◆ **INPUT FOR THIS TASK**:
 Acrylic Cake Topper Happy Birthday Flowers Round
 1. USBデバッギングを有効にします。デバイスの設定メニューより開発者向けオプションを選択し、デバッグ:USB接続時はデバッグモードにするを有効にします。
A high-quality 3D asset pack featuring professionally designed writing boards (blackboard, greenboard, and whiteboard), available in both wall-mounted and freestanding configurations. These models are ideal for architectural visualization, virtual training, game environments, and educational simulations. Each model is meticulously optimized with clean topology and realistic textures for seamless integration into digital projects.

==

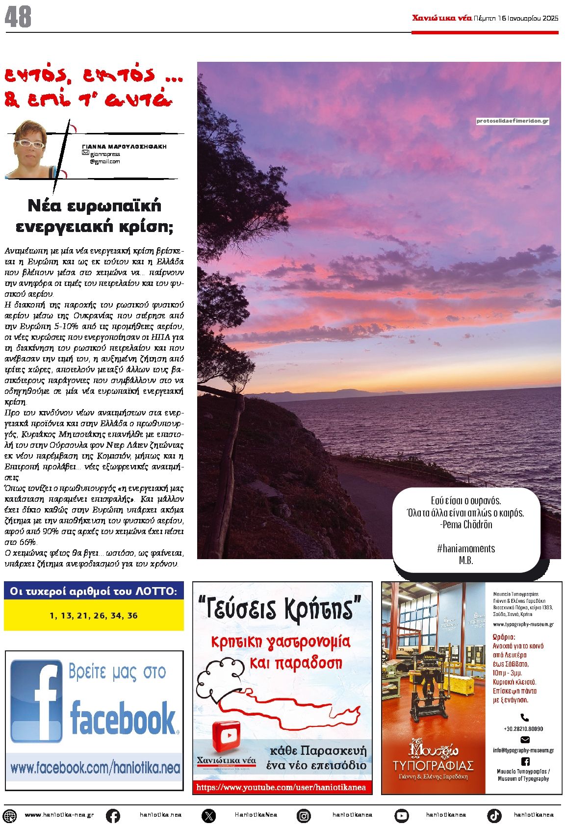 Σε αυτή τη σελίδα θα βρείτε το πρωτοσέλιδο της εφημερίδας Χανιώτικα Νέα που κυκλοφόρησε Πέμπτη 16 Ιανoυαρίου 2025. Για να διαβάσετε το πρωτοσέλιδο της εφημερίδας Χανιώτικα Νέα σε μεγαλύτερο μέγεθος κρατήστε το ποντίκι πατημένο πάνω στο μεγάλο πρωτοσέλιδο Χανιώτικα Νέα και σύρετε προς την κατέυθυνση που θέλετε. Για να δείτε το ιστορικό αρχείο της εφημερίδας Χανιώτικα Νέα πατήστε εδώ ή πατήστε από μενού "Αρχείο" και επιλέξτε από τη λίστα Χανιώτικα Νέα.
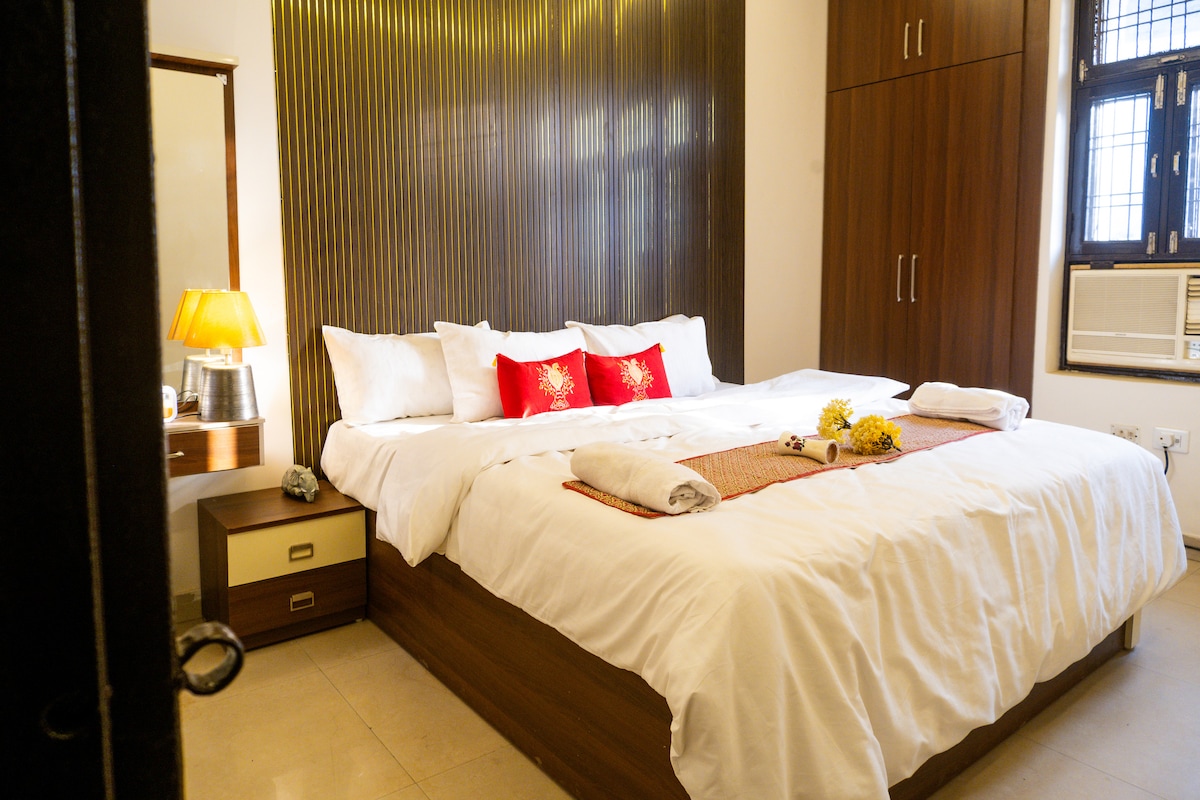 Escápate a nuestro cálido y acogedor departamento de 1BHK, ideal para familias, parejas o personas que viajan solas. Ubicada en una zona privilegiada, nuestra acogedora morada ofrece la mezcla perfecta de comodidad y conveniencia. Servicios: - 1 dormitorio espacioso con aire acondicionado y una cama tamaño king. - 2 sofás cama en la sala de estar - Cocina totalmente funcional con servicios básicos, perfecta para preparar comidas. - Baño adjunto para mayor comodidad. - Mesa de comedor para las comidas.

◆ **YOUR ASSIGNMENT**: Copy exactly the stretch of data above from the line with "Acrylic Cake Topper" through the line with "A high-quality 3D", and omit all other lines.

◆ **YOUR RESPONSE**:
 Acrylic Cake Topper Happy Birthday Flowers Round
 1. USBデバッギングを有効にします。デバイスの設定メニューより開発者向けオプションを選択し、デバッグ:USB接続時はデバッグモードにするを有効にします。
A high-quality 3D asset pack featuring professionally designed writing boards (blackboard, greenboard, and whiteboard), available in both wall-mounted and freestanding configurations. These models are ideal for architectural visualization, virtual training, game environments, and educational simulations. Each model is meticulously optimized with clean topology and realistic textures for seamless integration into digital projects.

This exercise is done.